Thanks to climate change, the hallmarks of winter’s end—snow melting and plants budding and flowering—are occurring earlier and earlier. While humans might cheer a little less time dealing with snow and slush each year, the animals that have evolved to sync their coat color with their seasonal surroundings are in mortal danger. New research has now pinpointed locations where these animals have the best shot of evolving to blend in with their increasingly snowless surroundings.
Normally, animals living at higher latitudes that alternate between drab, brown “summer” colors and brilliant, white “winter” color have fine-tuned the timing of their coat transition to the onset or thaw of seasonal snow cover. But as climate change alters this timing, these animals are mismatched with their surroundings for long periods, making them easy to spot as prey—or as predators, easy to avoid.
“Snow cover loss is a form of habitat loss, it’s almost comparable to the loss of tropical rainforest,” Benjamin Zuckerberg, a climate change ecologist and associate professor at the University of Wisconsin-Madison not involved with the new study, told Earther.
Previous research led by University of Montana professor L. Scott Mills found that winter white hares mismatched against a snowless background had higher mortality rates than those inhabiting snow fields. As snow cover wanes, this survival disparity could mean plummeting population numbers. The conservation consequences already seem to be mounting: Ptarmigan and snowshoe hares have experienced range decreases.
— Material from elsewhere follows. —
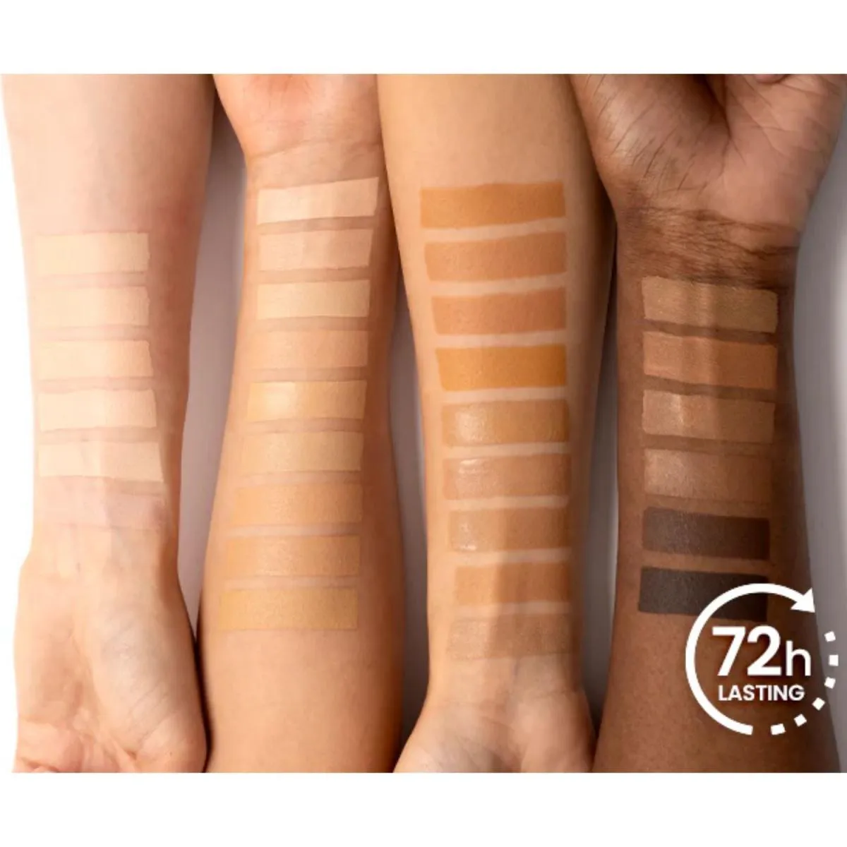 Pressione levemente a esponja aplicadora na almofada de base e aplique sobre a pele com leves batidinhas até obter a cobertura desejada. Resultado:

Now, Mills and an international team of researchers have identified locations where evolution may “rescue” these animals from the worst impacts of the receding whiteness. The study, published today in the journal Science, targets “polymorphic zones” of hares, weasels, and Arctic fox. These zones have a mix of individuals that turn white in the winter, and those that stay brown year-round (as is often the case in the southern reaches of these species’ ranges). It’s this variation in seasonal coat color that makes all the difference.
For the animals to adapt, there needs to be both a strong selective force, and a trait evolution can act on. Coat color certainly could be that trait, as it influences survival and future reproductive output. But without enough coat color variation, even the strongest selective pressure won’t result in an evolutionary shift.
“A population consisting only of white hares cannot adapt to reduced snowpack because there is no variation in coat coloration in that population,” Jill Anderson, an evolutionary ecologist and assistant professor at the University of Georgia not involved with this study, told Earther.
Mills and his team found these important “polymorphic zones” by mapping geographic patterns in winter coat color of eight different mammal species—four hare species and four carnivores—against local climate variables like snow cover duration. The dataset combined georeferenced descriptions of winter coat color from more than 2,700 specimens spanning 60 countries across the range of the species. Using the climate variables and the winter coat information, the researchers developed a predictive models of winter coat color across the geographic ranges of each of the species. As expected, the probability of white winter coat color went up with increasing snow cover duration.
The researchers identified polymorphic hotspots by finding areas predicted to have a roughly even mix of white and brown winter coats. It’s these places that are the most promising for adaptation to climate change-driven snow loss.
“These areas hold the special sauce for rapid evolutionary rescue,” Mills said in a statement. “Because they contain winter-brown individuals better adapted to shorter winters, these polymorphic populations are primed to promote rapid evolution toward being winter brown instead of white as climate changes.”
The percentage of the geographic ranges that were in polymorphic zones varied greatly, depending on the species and on how broadly the polymorphic zones were defined. Arctic fox had between 10 percent and 57 percent of its range consist of polymorphic zones, but mountain hares were far more restricted, with a maximum of 2 percent of their range consisting of these coveted “rescue” areas.
Strikingly, the team found that only 10 percent of these polymorphic zones exist in regions prioritized for conservation.
“It’s surprising how few of these areas are well-conserved using our current network of protected areas,” Zuckerberg noted. “It’s certainly something that’s concerning for managing species that are vulnerable to the effects of climate change.”
While the study provides key information on locations that should be granted conservation consideration as a kind of insurance policy against climate change, Zuckerberg notes that the results may only be applicable to species keenly adapted to high-latitude seasonal swings.
“For other groups of species that are not clearly cold-adapted, it may be less relevant,” he said.
But for now, this research provides a powerful perspective on how—depending on local circumstances—evolution can respond to the relentless march of climate change in some species. By prioritizing these “evolutionary rescue” hotspots in conservation plans, we may give these species a fighting chance.